I just added the "EDIT" section before I saw your question. That was what made me start questioning my beliefs. Here's a few things the letter said that eroded away the assumptions I had built regarding:
POVERTY:
> There are still slums and pockets of poverty, but by and large when I visit there now I think, “Wow, most people who live here are middle-class. What a miracle.”
> There is a class of nations in the middle that barely existed 50 years ago, and it includes more than half of the world’s population.
AFRICA:
> “Sure, the Asian tigers are doing fine, but life in Africa never gets better, and it never will.”... Seven of the 10 fastest-growing economies of the past half-decade are in Africa.
> The percentage of children in school has gone from the low 40s to over 75 percent since 1970.
AID:
> Also remember that healthy children do more than merely survive. They go to school and eventually work, and over time they make their countries more self-sufficient. This is why I say aid is such a bargain.
> Here is a quick list of former major recipients that have grown so much that they receive hardly any aid today: Botswana, Morocco, Brazil, Mexico, Chile, Costa Rica, Peru, Thailand, Mauritius, Botswana, Morocco, Singapore, and Malaysia
The above one made me realize I can think of foreign aid like student loans. I needed the financial aid to afford college education. My loans are now paid off and I am significantly better off thanks to them.
CORRUPTION:
> Suppose small-scale corruption amounts to a 2 percent tax on the cost of saving a life. We should try to reduce that. But if we can’t, should we stop trying to save lives?
> On the other hand, four of the past seven governors of Illinois have gone to prison for corruption, and to my knowledge no one has demanded that Illinois schools be shut down or its highways closed.
Basically, don't throw the baby away with the bathwater.
> The horror stories you hear about—where aid just helps a dictator build a new palace—mostly come from a time when a lot of aid was designed to win allies for the Cold War rather than to improve people’s lives. Since that time, all of the actors have gotten much better at measurement. Particularly in health and agriculture, we can validate the outcomes and know the value we’re getting per dollar spent.
This was another big seller for me. Gates is brilliant and everyone who has ever worked with him ends up calling him the smartest guy they know.
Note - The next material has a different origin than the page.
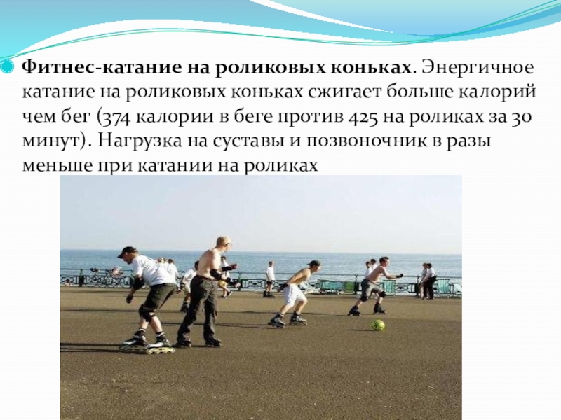 Слайд 4Фитнес-катание на роликовых коньках. Энергичное катание на роликовых коньках сжигает больше

It was naive of me to think that he didn't have measures in place to measure the impact of his investments and make sure waste was minimized.
And then pretty much everything in Myth #3. I was a fool.
As a firm believer that overpopulation won't be solved by throwing money at it, and that the people who are having children are the ones who shouldn't, I see most of this as irrelevant. Of course money solves poverty in the short term, no one should be surprised by that. But notice how he keeps comparing one generation with only the previous, and never making long-term assertions.
Besides, I doubt Gates can go from the CEO of Bad Guys Corp. (among the companies with the most evil business practices in history, up there with Nestle) to Superman just because he has always been a modern Robin Hood, establishing an OS monopoly to give our money to the poorest. I'd expect some public guilt or something. I'll keep taking whatever his foul mouth says with an enormous grain of salt until he explains his post-MS enlightenment and endorses Linux.
Oh come on. Microsoft's "evil" amounted to giving the competition a few kicks in the ribs while they were down. It was nasty and unsporting but let's keep things in perspective.
The comparison with Nestle would only be reasonable if a Windows 95 BSOD killed one of your children.
Even (especially?) geniuses compartmentalize. I applaud life saving and misery reduction regardless of who does it, and I'm not going to make my approval contingent on an apology for past wrongs.
The Gates foundation seems to be doing the best they can to model as far into the future as feasible so as to make best use of their resources. Models that propose death and misery as their means are rightly viewed with skepticism.
Sorry, making Windows ubiquitous on our PC's by monopoly position shenanigans does not equate, evil-wise, to the abuse of workers rights, health and our environment that many blue chip companies have participated in over the past 60 or so years - e.g. oil companies, food giants, mining corps.